Pepi II (Neferkare)
2278 BCE–2184 BCE · Old-Kingdom · Saqqara
Pepi II (throne-name Neferkare) was a king of Dynasty 6, conventionally placed around 2278-2184 BCE. He is traditionally credited with a reign of about 94 years, which would be the longest in recorded history, but this figure rests on a Turin Canon and Manetho tradition that many scholars regard as possibly inflated; the true length is an open question. His very long reign is associated with the gradual weakening of central royal authority toward the end of the Old Kingdom, as provincial governors grew more powerful. From his youth survives one of the most charming primary documents of ancient Egypt: a letter the boy-king wrote to the explorer Harkhuf, excitedly instructing him to bring a dancing pygmy back to court safely.

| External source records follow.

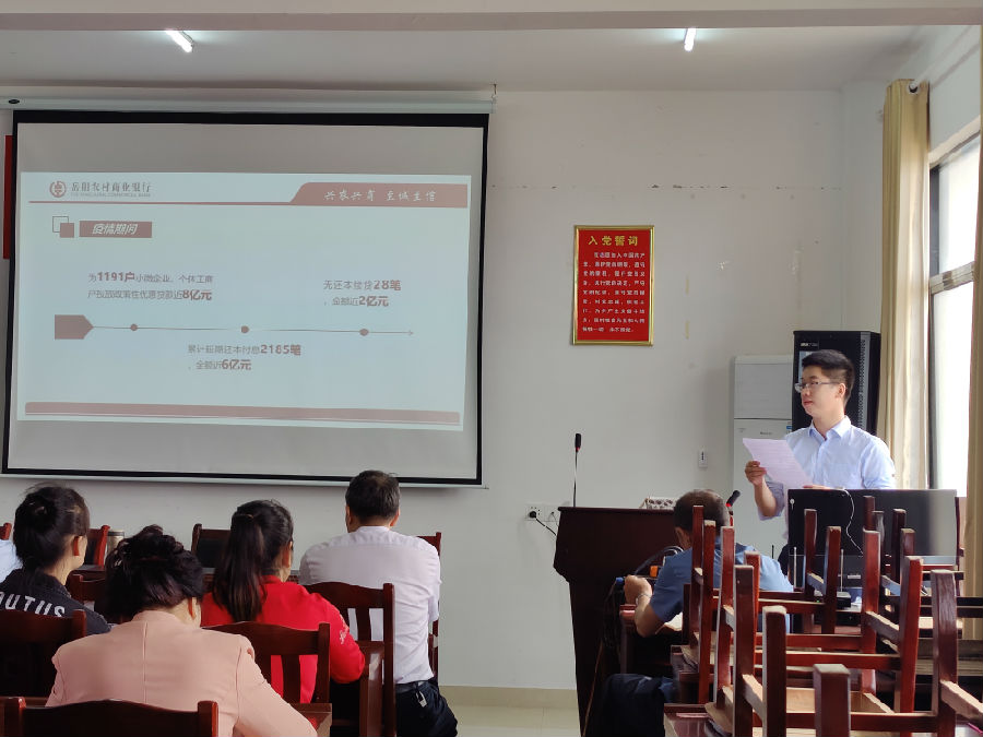 座谈会上,三家党支部还分别交流了党史学习教育经验,岳阳农商银行解说员结合PPT介绍了该行特色金融服务及相关业务产品。
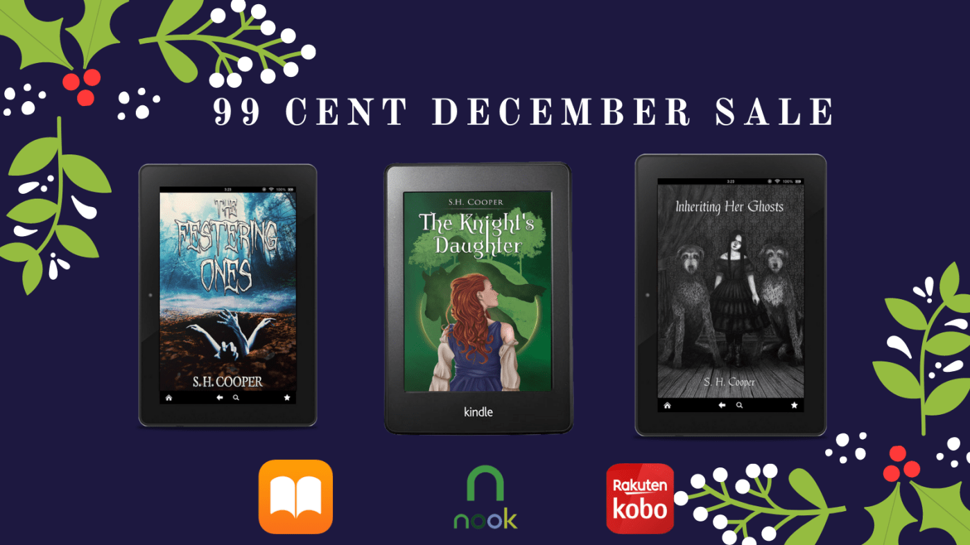 For the entire month of December, THE FESTERING ONES, THE KNIGHT’S DAUGHTER, & INHERITING HER GHOSTS will be only 99 cents wherever they’re sold (EXCLUDING Amazon)! Please share to help an indie author out ❤💚
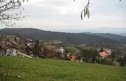 During the Second World War, German forces burned the village on September 20, 1941 and evicted the population in retaliation for an attack on a convoy of German cars two days earlier.[6] This was the first village in Slovenia to suffer this fate.[4] A lookout tower and shelter were built on the peak above the village in 1957.[4] On September 21, 1958, Rašica Peak was renamed Stane Kosec Peak (Slovene: Vrh Staneta Kosca)[4][7] in honor of the Partisan Stane Kosec.
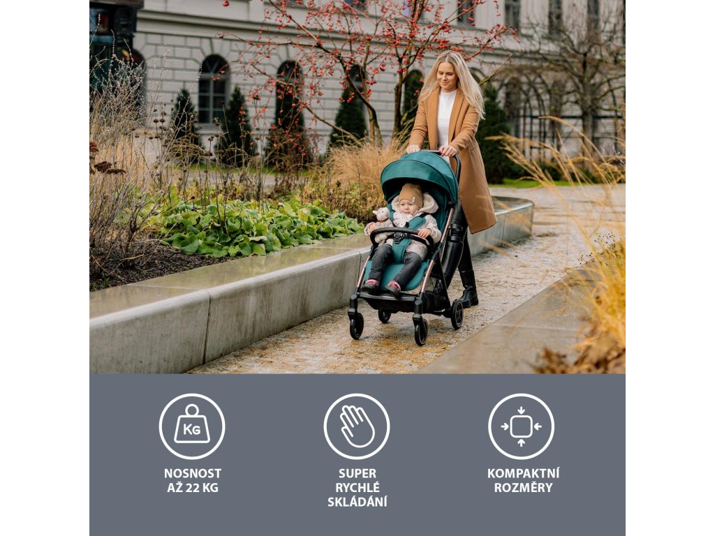 Könnyű, ugyanakkor erős alváz, kis méretek és olyan egyszerű az összeszerelés, hogy egy kézzel is kezelhető. A Quiq 2 babakocsit minden szülő szeretni fogja, aki szeretne utazni, és minden utazást még élvezetesebbé szeretne tenni. A gumirugós kerekek jól bírják a macskaköveket a városban és az egyenetlen terepet a természetben való séták során. Kompakt méreteinek köszönhetően minimális helyet foglal el, és összecsukva is megállja a helyét. A szellőzőablakokkal ellátott meghosszabbított tető megbízható védelmet nyújt a napsugárzás ellen és a szellőzést. A rudak varrtak, ami kiemeli a babakocsi egyszerű kialakítását. A Quiq 2 22 kg-ig szállítja kis utazóját.
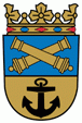 Skölden delad, övre fältet blått, vari två korslagda kanoner av guld, det nedre av guld, vari ett svart ankare. Fästnings- och sjöfartssymbolerna härleds ur det av Konung Adolf Fredrik 22.6.1756 fastställda sigillet för Lovisa stad.
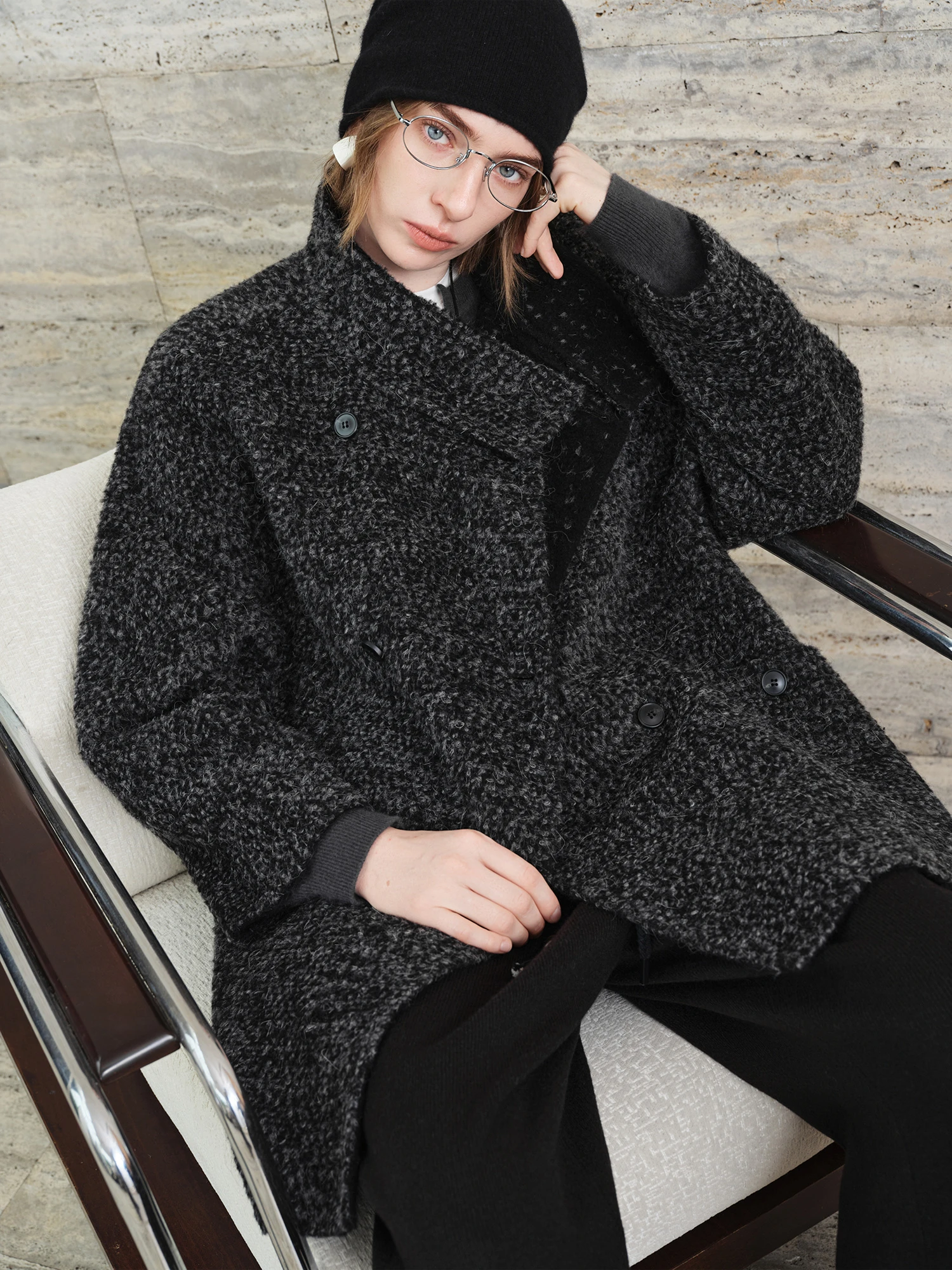 Women’s Tweed Wool Blend Turtleneck Overcoat – Mid-Length Winter Coat
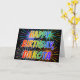 Este design de cartões de saudação de aniversário multicoloridos e divertidos apresenta a mensagem "HAPPY BIRTHDAY" e o nome comum "DAKOTA" com as letras que têm um espectro de arco-íris colorido como um padrão de colorir gradiente. O plano de fundo da frente também apresenta um padrão inspirado em fogos de artifício coloridos. O dentro apresenta uma mensagem de saudação personalizável, ou talvez possa ser apagado e deixado o vazio se uma mensagem for escrita manualmente. Um cartão de saudação como este pode ser uma maneira divertida de reconhecer o aniversário de alguém chamado Dakota. [~Z0000350]
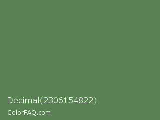 Decimal 2306154822 Color is a normal green color and the nearest color is Hippie Green #53824b. Hex code #598252 and RGB value is rgb(89,130,82). In RGB color space, this color is composed of 35% red, 51% green, 32% blue, In CMYK color space, this color is composed of 32% cyan, 0% magenta, 37% yellow , 49% black , In HSL color space, this color has a hue angle of 111° , 23% saturation and 42% lightness.
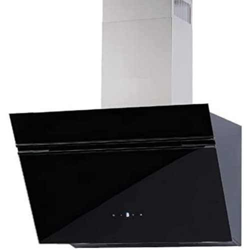 COMFEE' ANGJ64B-60 Hotte aspirante inclinée 60 cm en Verre Trempé, 3 Niveaux de Vitesse, Écran Tactile LED, Recycle interne ou Évacuation extérieure, 60 cm - Noir
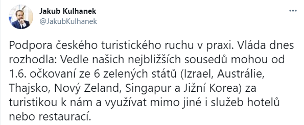 А с 1 июня, в Чехию смогут въехать вакцинированные граждане Израиля, Австралии, Таиланда, Новой Зеландии, Сингапура и Южной Кореи, заявил министр иностранных дел Якуб Кулханек в Twitter.
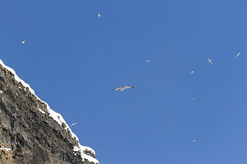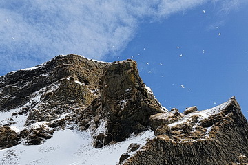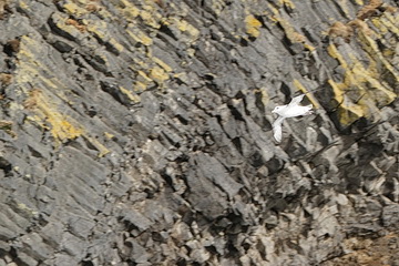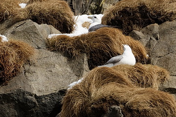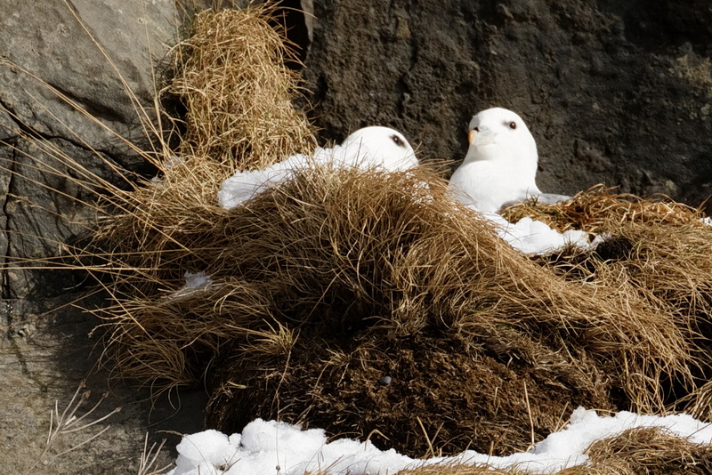 Für die Papageientaucher war es Anfang März noch zu früh, aber eine grössere Möwenkolonie brütete bereits in den Felsen - hoch über dem Strand und ungestört von uns zahlreichen Touristen.
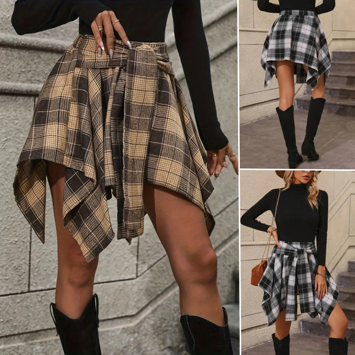 LIZAKOSHT  -  New Women's Nightclub Fashion Irregular Grid Tied Sleeves Fake Shirt Half Skirt
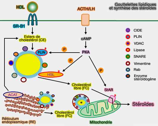 b. Il peut être également synthétisé dans les cellules stéroïdiennes et être utilisé lors de déstockage des gouttelettes lipidiques (LD ou Lipid Droplet), riches en esters de cholestérol (CE), grâce à la HSL (Hormone-Sensitive lipase) qui produit du cholestérol libre (FC).
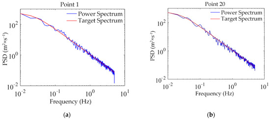 Meanwhile, to validate the simulations, the fluctuating wind PSDs at each measurement point are compared with the target spectra; the fits for Points 1 and 20 are shown in Figure 9 and Figure 10.
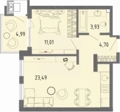 Продаётся квартира 123 площадью 48,12 м2 в новом ЖК СОК
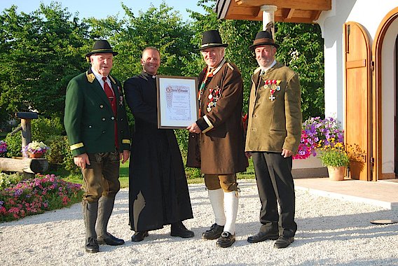 Auf Initiative von Schützenkurat Militärpfarrer Mjr. Richard Weyringer versammeln sich Landesfahne, Bezirksfahnen und Fahnenabordnungen der Salzburger Schützenkompanien zur Maiandacht in Bad Dürrnberg

His reign closes the great age of the Old Kingdom before its collapse into the First Intermediate Period.
Did you know?
The boy who may have reigned 90 years
Pepi II came to Egypt's throne as a child, said to be about six years old, and ancient tradition credits him with one of the longest reigns in recorded history — by some counts around 90 years (Manetho even wrote 94), though many modern scholars suspect the true figure was shorter, perhaps closer to 64. Beginning around 2278 BCE, more than 4,300 years ago, his long rule stretched across the twilight of the Old Kingdom.
How we know
Pepi II (Neferkare), acceded c. 2278 BCE at age ~6 (6th Dynasty, Old Kingdom); reign length: Manetho 94 yrs, Turin Canon 90+ yrs, some Egyptologists argue ~64 yrs; 2278 + 2026 = 4,304 years ago.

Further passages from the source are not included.